I wonder whether interpersonal boundaries may explain more exotic syndromes such as 'folie a` deux' in which two people such as Bush and Cheney share each other's madness. V.S. RamachadranLet's have a war! We'll attack Iraq! And madness ensued. I personally believe Cheney convinced Bush of the necessity of war [weapons of mass destruction, what a joke] because he stood to amass millions in personal profit from the Halliburton company. Ick! And people voted for them again folks, folie a million.
Closer to home, there are a very few times in counseling when I am left speechless. However, coming up against 'folie a deux' often leaves me feeling that way. Interestingly, I most often see this phenomena when one member of a couple is having an affair. The justification system is profoundly disturbing: "what she doesn't know can't hurt her", or "he deserves it he pays no attention to me." Ultimately one way or another the cat works it's way out of that bag and the result of the discovery is very hurtful to the innocent victims of the egregious action.
Years ago I ran smack up against this when I couldn't figure out why this client I was seeing individually was sullen and distancing from his wife of many years. I had agreed to see both of them in couple's counseling and first saw each separately to sort out the problem from two people's perspectives. Since I had not warned him that I was uncomfortable with this knowledge, he felt he could devulge this fact and I was bound by confidentiality to not disclose to his wife. Needless to say this did not go well. So I then made a rule when working with couples saying to them: "I will not keep a secrets, especially ones as huge as a clandestine affair. If you tell me this in individual counseling, realize that I am going to encourage you to tell the truth to your partner or I will not work with you in couple counseling." Granted this stopped some of the clients in their tracks, never to darken my door again. However, that statement relieves me from being in a crazy making position where I know there's an affair that's jeopardizing the marriage and the spouse doesn't.
So why does this happen? Why can't someone who is attracted to another person go directly to their mate and say, "hey, we're in big trouble, I have an attraction to someone and we need help..." or more extremely, "honey, I think we need to call it quits, our problems are too huge and I just don't feel I can continue in this marriage." Really, facing up to the truth may be painful but in the long run a lot less so than embarking on the extramarital affair and trying to justify your behavior. Sadly sometimes this is the only way some of my clients have the nerve to exit their relationship: someone else is waiting in the wings.
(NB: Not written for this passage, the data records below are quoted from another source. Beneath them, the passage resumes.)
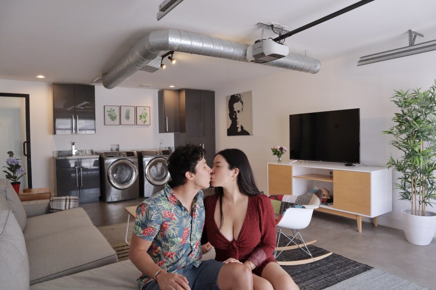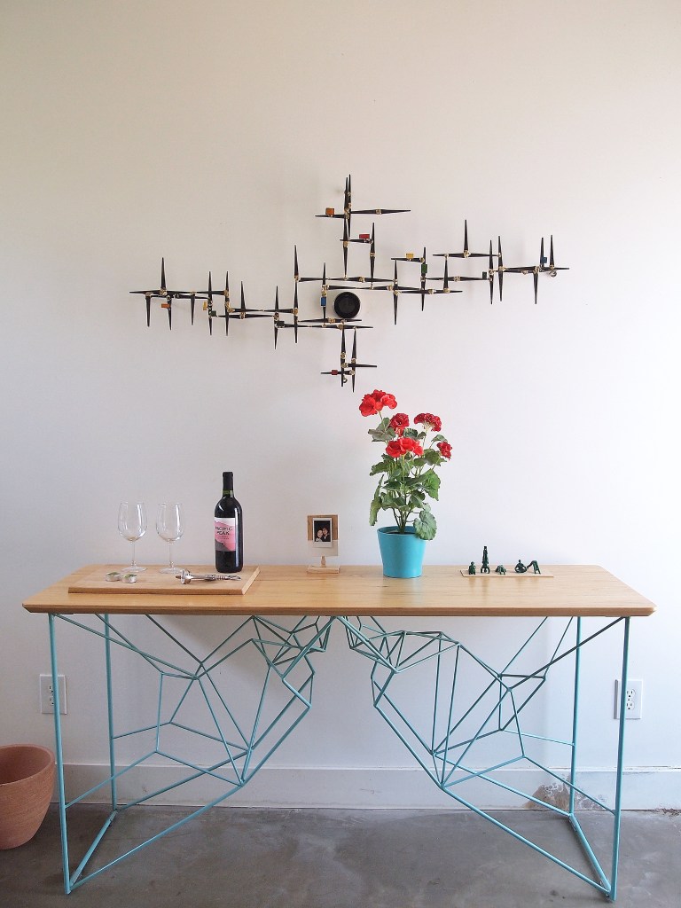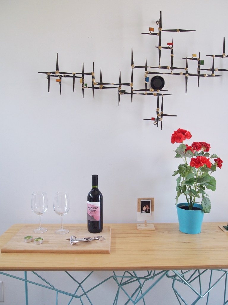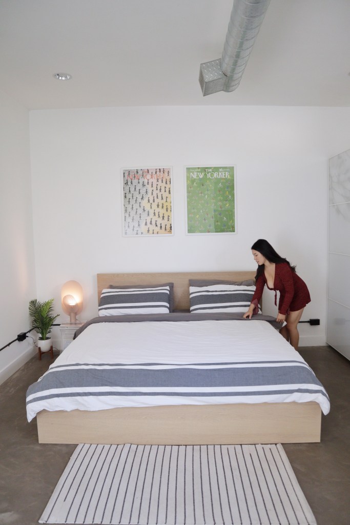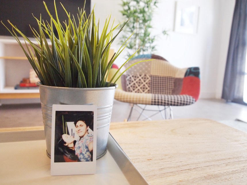 This AirBnB is a standalone guest house in a loft/studio layout with a modern/artsy design (see exposed ductwork)! When you first enter, there is a console table with complimentary wine and an AC module (thank goodness because AZ heat is too real) hidden in a structural art piece. We placed a stand with one of Michael and I’s polaroids for a personal touch 🙂
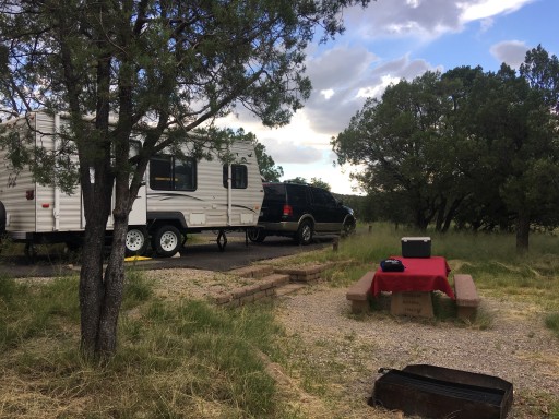 Lots of paved RV sites no connections, freshwater is available but not by water hose connection. Lake has a boat ramp but is limited to 10 horsepower maximum boats. Rents kayaks, etc. FDA website indicates 36' max, which I have and was not a problem, but watch for other vehicles on about 6 hairpin turns. Cell service does work here through telcel in Mexico, in the campground only. Has vault toilets.
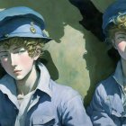 Two cute cartoon boys sit back to back on a light background. One wears a blue cap with an "@" symbol, and both have short brown hair, round cheeks, and cheerful expressions, dressed in matching blue shirts.
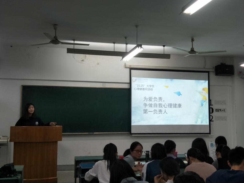 刘静怡向大家阐释了心理健康的重要性,呼吁大家在大学生活中重视心理健康,及时发现消极倾向,努力创造条件,将思想中的消极情绪转化为积极情绪,为爱负责,每个人都应该是自身心理健康的第一负责人。
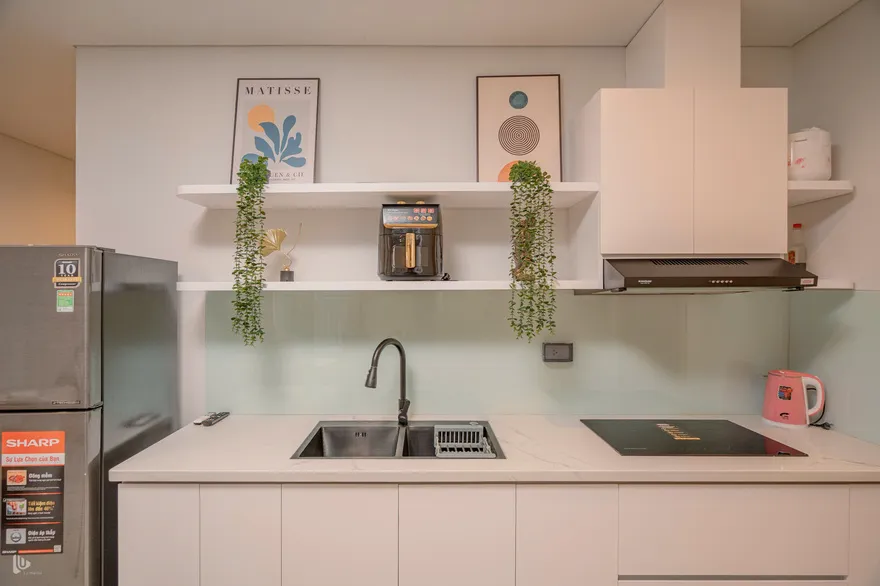 Căn hộ được trang bị đầy đủ dụng cụ nấu nướng tiêu chuẩn gia đình: bếp từ đôi, nồi cơm điện, bộ xoong nồi, chảo chống dính, bát đũa và nồi chiên không dầu. Chúng tôi cũng chuẩn bị sẵn một số gia vị cơ bản (dầu ăn, muối, đường). Bạn chỉ cần ghé chợ đêm hoặc Lotte Mart cách đó vài phút di chuyển để mua hải sản tươi sống.
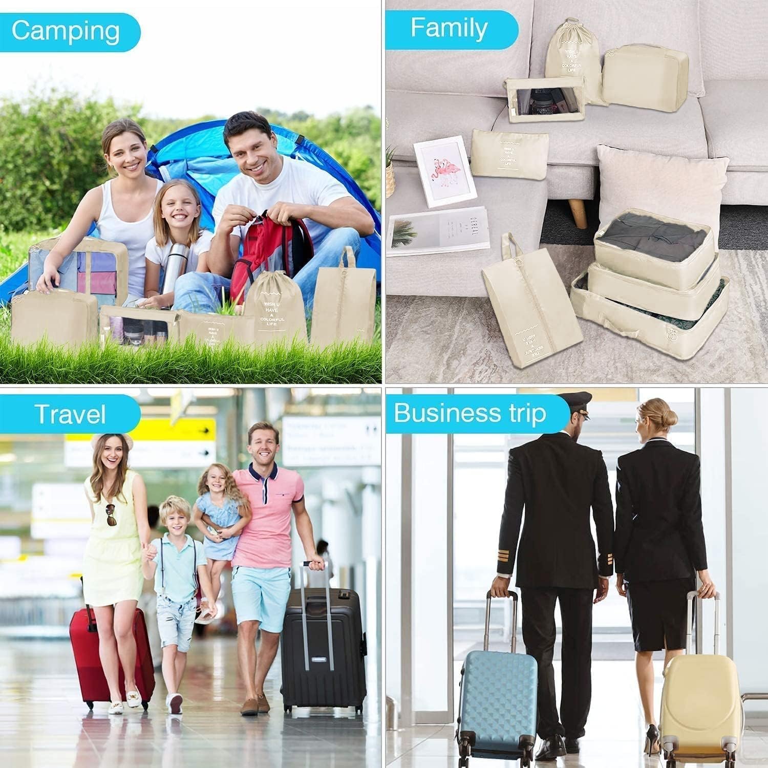 FLYNGO Nylon 8 Pcs Travel Organizer Pouch Packing Cubes For Clothes Space Savers Bags Cosmetics/Underwear/Socks/Shoes Toiletry Bag Laundry Organiser(Beige)
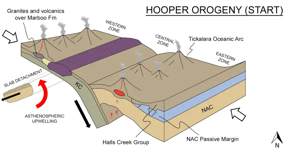 After the Hooper Orogeny, the downgoing slab, which had been deeply subducted into the asthenosphere, detached from the surface portion of the tectonic plate. The resulting change in isostasy temporarily buoyed the thinned-out Kimberley Craton section above the North Australian Craton, leading to the formation of the accretionary wedge of the Tickalara Arc, and setting the stage for the later suturing of the Kimberley Craton and North Australian Craton.[2]
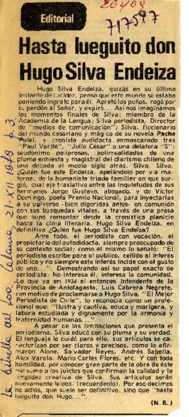 Hasta lueguito don Hugo Silva Enseiza [artículo] N. B.
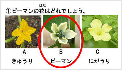 いつもは野菜の花をよく覚えている子どもたちですが、きょうのピーマンの花クイズはすこし難しかったようでした。
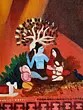 Ivory Kasavu Sari from Kerala with Embroidered Turbanned Bal Krishna Eating Butter

How about when there are several someones waiting in the wings? This seems to be a speciality of men in powerful positions. There's something else going on there than just wanting to exit their relationships. Hubris, yes, but also selfishness and self assuredness to an incredibly unhealthy degree. Because they are so sure of themselves they somehow delude themselves [and perhaps the person they are having an affair with] that they are invincible. Being sure of one's self can be a virtue or it can lead to an illusion, especially when the invincibility is propped up by the people surrounding you [handlers].
Illusion and delusion of ultimate self assurance brings to mind Arnold Schwartznegger. He is so absolutely self assured that he somehow justified his affair with his housekeeper with whom he then had a child. He is not alone and many other politicians and sport figures, like John Edwards, Herman Cain and Tiger Woods, believed that they were bullet proof. It's fascinating to me that then they try to run for public office as if nothing untoward had occurred. How in the world do they justify [mentally and emotionally] their sexual peccadilloes then try to present themselves as the paragon of truth, justice and the American way?
An easy explanation of out of control behavior is that the person has a sexual addiction and can't control their impulses, poor them! The same can be said of gamblers and kleptomaniacs, but the bottom line is honesty. First, if one is to recover from their behavioral destructiveness they must realize they are out of control. Next, they need to admit it and finally get the proper help/support they need to stop the destructive behavior. I often tout the 12 Step programs as the best help for addictions. I do love them and have seen marvellous life changes when people follow their programs. The bottom line in all of these programs is honesty, self introspection and the ability to want to change. I am aware of my naivety in proposing that if only Bush and Cheney were honest we could have saved this country billions of dollars preventing an unnecessary and costly war. Of course, when thinking about Bush/Cheney that does not allow for the influence of greed and delusion in the above equation. Seems inconceivable, I know but then there are so many out there that use these and other defense mechanisms to support their craziness.
This is a beautiful world filled mostly with kind, honest, caring people. It comes down to this, when you hear something, or discover something that strikes you as nutty, it probably is. Don't just sit there, do something. If something sounds too good to be true [we can have tax cuts and slash the deficit with no repercussions] it probably is. Investigate, think, study and read. Now go and keep your head level!